If the VMs were an alchemical-herbal-hausbuch of information, it would be a cultural product of accumulated knowledge etc. While that perception may have appeared valid in the 15th century, it hardly seems so today. The VMs appears to be a cultural product from an unknown source, but it is not. There is no "Voynichese" cultural source to actually support this facade. The VMs is built on deception. It is a complete creation of an unknown reality. It's sort of like a hoax or forgery, but it has a purpose. The creation has a purpose; there is something hidden behind the facade.
Having something hidden on the pages of a manuscript can be a problem, but there are ways to work around the difficulties. Finding something intentionally hidden in a manuscript, and demonstrating that it was intentionally hidden by the author also has its difficulties. Let's just say that it was placed there for the reader to find. Then it's just a question of whether the reader finds it or not. Mostly it's been not. When both the topic and the elements are not known, recognition does not occur.
The potential reconstruction of the Oresme cosmos with VMs parts is an interesting possibility. Perhaps the two essential parts are separated for purposes of deception, but a clear, simple nebuly line is there (f68v) as a clue. The Fieschi connection to the tradition of the red galero (f71r) is disguised by a radial orientation. The visual possibilities are confirmed by traditional placement. The extent of hidden construction is demonstrated by the placement of the heraldic papelonny patterns, to correspond in quadrant and sphere with two blue-striped patterns on the following page - or two. Not to mention - the pun. All this is hidden behind the facade in the pages. And it cannot be found by those who do not know the pattern and its name. But they were put in place by someone who did know the heraldic tradition quite well. Meanwhile in some modern references, these traditional details of the heraldic furs are now omitted and even the possibility of investigative discovery is closed off.

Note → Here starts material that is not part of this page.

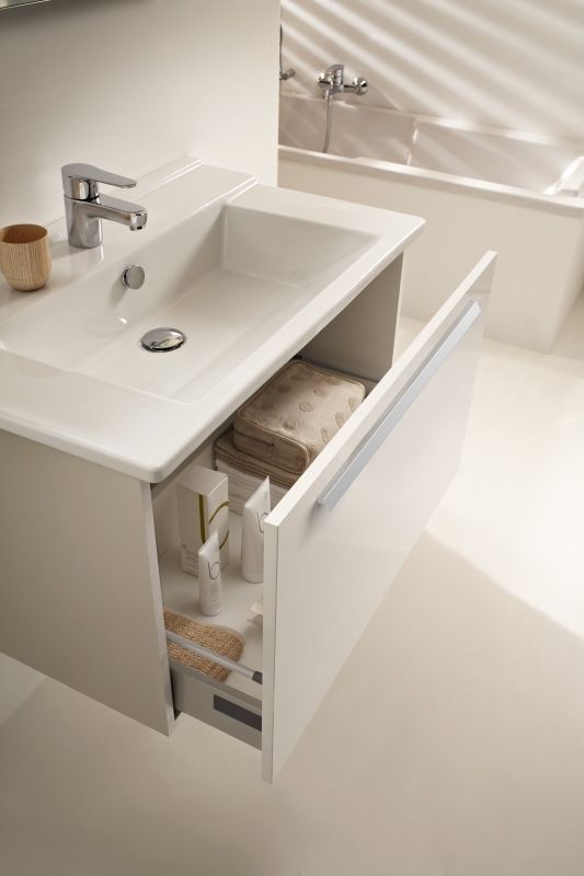 Подвесная тумба под раковину Jacob Delafon Struktura 77 EB1285-E13 с 1 выдвижным ящиком выполнена в строгом стиле с прямыми линиями и углами. Она сочетает в себе лаконичный дизайн и продуманную функциональность. Мебель этой серии отлично впишется в интерьер ванной комнаты в современном или хай-тек стиле.

The VMs author knows the science and the history of their time. And they know it well, very well. And so they expect the reader to do the same, - to find the reality of science and history as it was perceived at the time that some unknown VMs 'author' person(s) put pen and paint to parchment to make the VMs. And it might now be said, even as the method of disguise has been discovered in each case, that this author has established one clear point in science and another in history and that both would have been well and widely known to other educated contemporaries. The question is whether the grounding in historical fact is sufficient to support further investigation behind the facade. If there is a purpose for this carefully disguised construction, where does it lead?